Run sample on iSeq:
Dilute to 1 nM based off qPCR results. qPCR results are in pM, but 1:1000 dilution used. The results are effectively in nM for pool.
1000/Results = ul of Pool to Add
1000/25 = 40uL of Pool to Add
1000 - ul of Pool to Add = ul of “10 mM Tris 8.5” to Add
1000- 40 = 960uL of 10mM Tris 8.5
Dilute 1 nM full pool to loading concentration of 50 pM:
Add 5 ul 1 nM Pool to 85 ul “10 mM Tris 8.5” and 10 ul 50 pM PhiX
Remove iSeq 100 i1 Flow Cell from refrigerator 5’s crisper drawer and open white foil pack and allow to equilibrate to RT for 10-15 minutes.
Open “iSeq 100 i1 Reagent Cartridge v2”. Turn on iSeq100
Click on “Sequence”. Watch Video. Do what video tells you to do. Follow on screen instructions until run starts.
Results located: Data/SequencingRuns/”folder with applicable date”/Alignment_1/Fastq/*.fastq.gz
Bioinformatics
Demux as per usual. Parese report in the same folder as the data. Parsing seemed to work well.
Curious if cross-contamination is not as bad for the one-step since there is no chance of primer and template carryover from the first PCR to the second.
Code used to determine cross-contamination:
cutadapt -g ^GTGYCAGCMGCCGCGGTAA -o R1out_no16s parsed_4AH1-1STEP_S1_L001_R1_001.fastq -e 0.25
cutadapt -g ^GGACTACHVGGGTWTCTAAT -o R2out_no16s parsed_4AH1-1STEP_S1_L001_R2_001.fastq -e 0.25
cutadapt -g ^CTTGGTCATTTAGAGGAAGTAA -o R1out_no16s_noits R1out_no16s -e 0.25
cutadapt -g ^GCTGCGTTCTTCATCGATGC -o R2out_no16s_noits R2out_no16s -e 0.25
sed -i 's/\s/_/g' R1out_no16s_noits
sed -i 's/^>16/>rna16/' R1out_no16s_noits
sed -i 's/-/_/g' R1out_no16s_noits
awk '{if ($1 ~ /@/) {print}else{print substr ($0, 0, 13)}}' R1out_no16s_noits > short_polyg_filtered.fa
module load vsearch
vsearch --fastq_filter short_polyg_filtered.fa -fastaout short_polyg_filteredFA.fa
echo "Making coligo table"
#NOTE that the heuristics for usearch_global don't seem to work well for short sequences (as shown by various tests JH did), therefore using search_exact
vsearch -search_exact short_polyg_filteredFA.fa -db /project/microbiome/ref_db/coligos_and_abbreviatedISD.fa -strand plus -otutabout coligoTable -maxaccepts 0 -minseqlen 5
Shifted to R to examine coligo table:
#Determine the extent to which coligos occur where they are not supposed to.
dat <- read.table("~/Desktop/teton/coligoTable", stringsAsFactors = F, header = T)
dat[1:5,1:5]
dim(dat)
key <- read.csv("~/Desktop/teton/NS4_4AH1_Demux.csv", stringsAsFactors = F)
names(dat) <- gsub("X(.*)","\1",names(dat))
key$forward_barcode <- toupper(key$forward_mid)
key$reverse_barcode <- toupper(key$reverse_mid)
key$combo <- paste(key$locus, key$forward_barcode, key$reverse_barcode, key$samplename, sep = "_")
for(i in 1:length(key$combo)){
names(dat)[which(key$combo[i] == names(dat))] <- key$wellposition[i]
}
dat$OTUID <- gsub("Coligo_", "",dat$OTUID)

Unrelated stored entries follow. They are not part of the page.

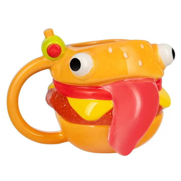 The Paladone PFNDBM Fortnite Durrr Burger Shaped Mug is a playful and distinctive piece of drinkware inspired by the popular Fortnite universe. This officially licensed ceramic mug is designed to resemble the in-game mascot, Durrr Burger, a quirky fast-food character known for its oversized eyes, bright orange hue, and signature olive on a toothpick. Measuring 450 ml (15 fl oz), it offers ample capacity for your favorite beverages. The mug's unique shape and vibrant detailing make it a standout addition to any gaming enthusiast's collection. Crafted from high-quality ceramic, the Durrr Burger Mug ensures durability and a comfortable grip. However, it's important to note that due to its intricate design, the mug is not suitable for dishwasher or microwave use. This makes it more of a collectible item than a daily-use mug, ideal for display or occasional use during gaming sessions. Its whimsical design brings a touch of Fortnite fun to your coffee breaks, making it a perfect gift for fans of the game. Whether you're sipping a hot beverage during a gaming marathon or showcasing it as part of your Fortnite memorabilia, the Durrr Burger Shaped Mug adds a quirky touch to any setting. Its vibrant colors and playful design are sure to spark conversations and bring a smile to the faces of fellow gamers and collectors alike. - Replicates the iconic Durrr Burger from the game- 450ml (15 fl oz) ceramic mug- Not suitable for dishwasher or microwave use- Officially licensed Fortnite product
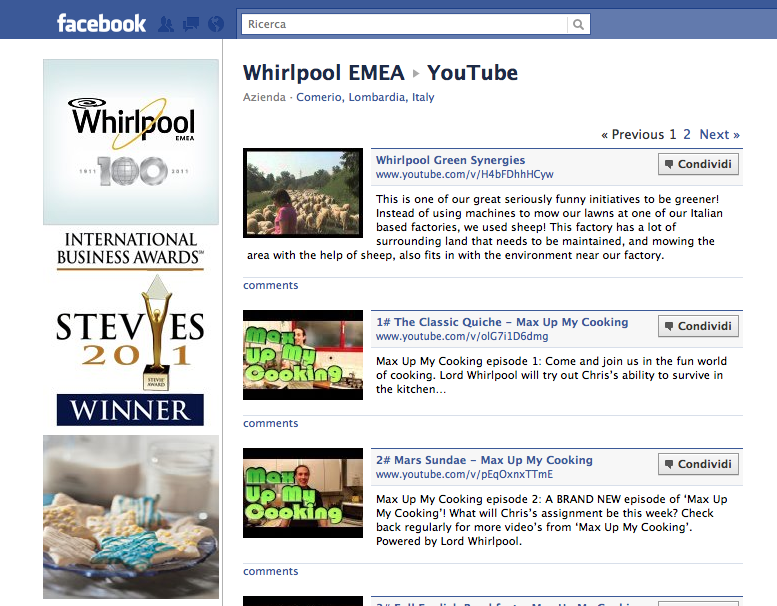 Un’ottima iniziativa per coinvolgere i fan e offrire loro un contatto diretto con l’azienda. L’idea fa parte di un progetto più ampio nato con il nome di “I love whirlpool” volto a svecchiare l’immagine dell’azienda e renderla più cool e attraente per i giovani neolaureati in cerca di un’azienda dove poter esprimere le proprie capacità.
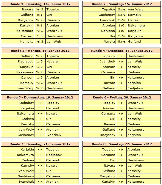 Rundenstart ist jeweils um 13:30 Uhr, lediglich die letzte Runde am 29. Januar beginnt bereits um 12:00 Uhr. Ruhetage werden am 18., 23. und 26. Januar eingelegt.
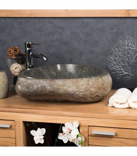 Wanda Collection - Grande vasque en pierre naturelle galet de rivière 50 cm
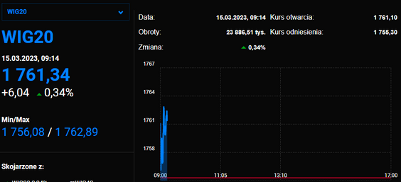 W pierwszych minutach środowej sesji WIG20 zyskuje 0,3 proc., minimalnie zyskuje też mWIG40. Tymczasem francuski CAC40 spada o 0,3 proc.
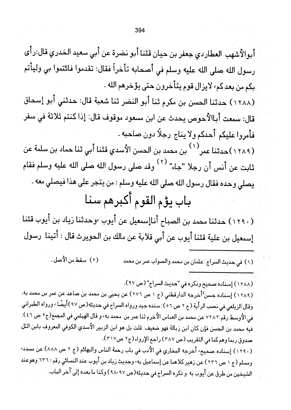 [1290] إِسْنَاده صَحِيح، أخرجه البُخَارِيّ فِي الْأَدَب فِي بَاب رَحْمَة النَّاس والبهائم (ج2 ص888) عَن مُسَدّد، وَمُسلم (ج1 ص236) عَن زُهَيْر كِلَاهُمَا عَن إِسْمَاعِيل بِهِ، وَحَدِيث زِيَاد بن أَيُّوب عِنْد النَّسَائِيّ رقم: 636 وَهُوَ عِنْد الشَّيْخَيْنِ من طرق عَن أَيُّوب بِهِ وَذكره السراج فِي حَدِيثه (ص97، 98) وَكَذَا مَا بعده إِلَى آخر الْبَاب.
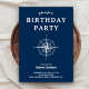 Eleganter Blue White Nautical Compass Geburtstag Einladung
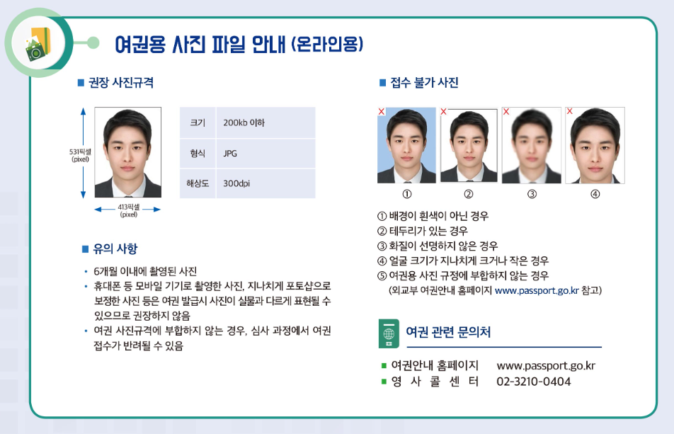 사진은 규격에 맞지 않을 경우 신청이 반려될 수 있으므로, 외교부 여권안내 홈페이지에서 사진 규정을 반드시 확인하시기 바랍니다.
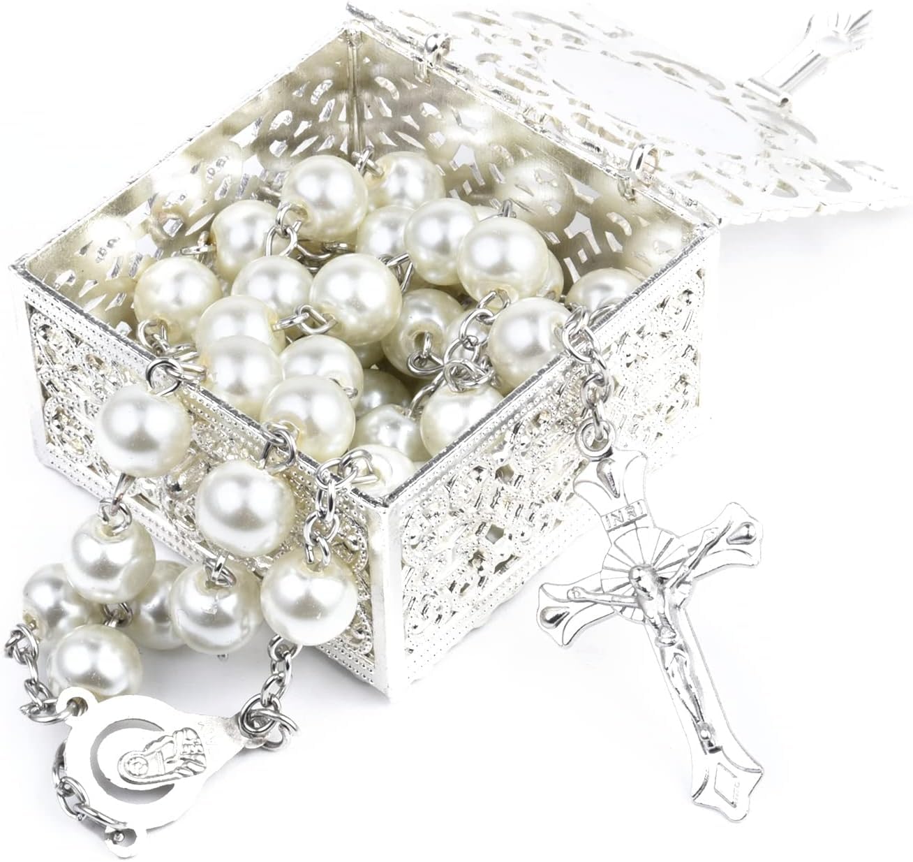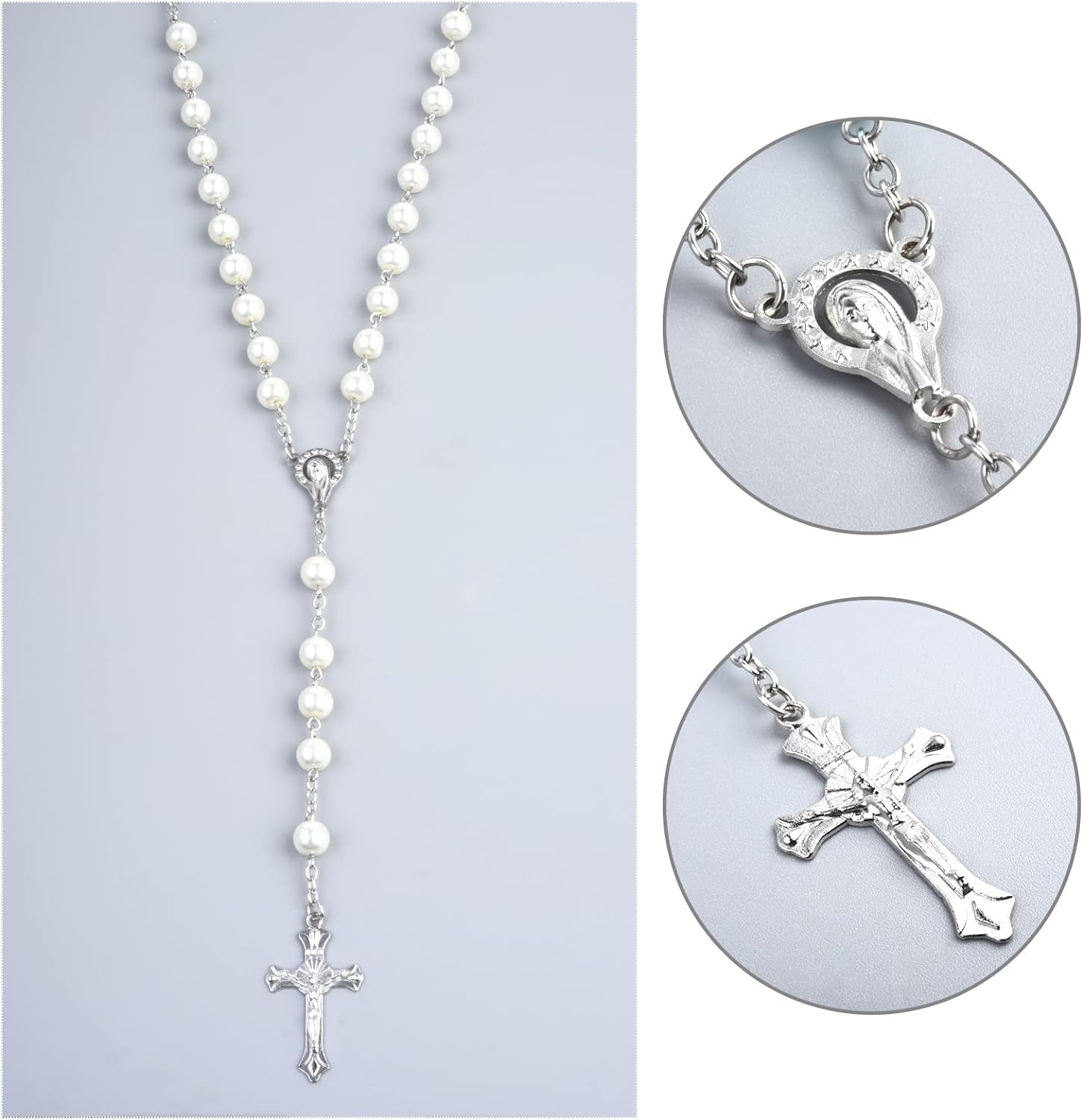 【Beautiful and Durable】: Our blessed catholic rosary are made of pearls, the rest parts are made of high-quality zinc alloy. High quality material make the vintage rosary beads catholic sturdy and durable enough to last a long time.

dat <- dat[dat$OTUID != "ISD",]
percent_target <- NA
for(i in 2:length(names(dat))){
if(dat[dat$OTUID == names(dat)[i],i] > 15){
percent_target[i] <- dat[dat$OTUID == names(dat)[i],i] / sum(dat[,i])
}
}
mean(na.omit(percent_target))
summary(percent_target)
table(percent_target > 0.90)
dat[,1:15e
While cursory, it appears to me that cross-contamination is a bit reduced by the one-step PCR library prep. protocol. It would be of interest to do this analysis on the data for this plate that was generated using the two-step protocol (so we can compare apples to apples). I think those data are forthcoming.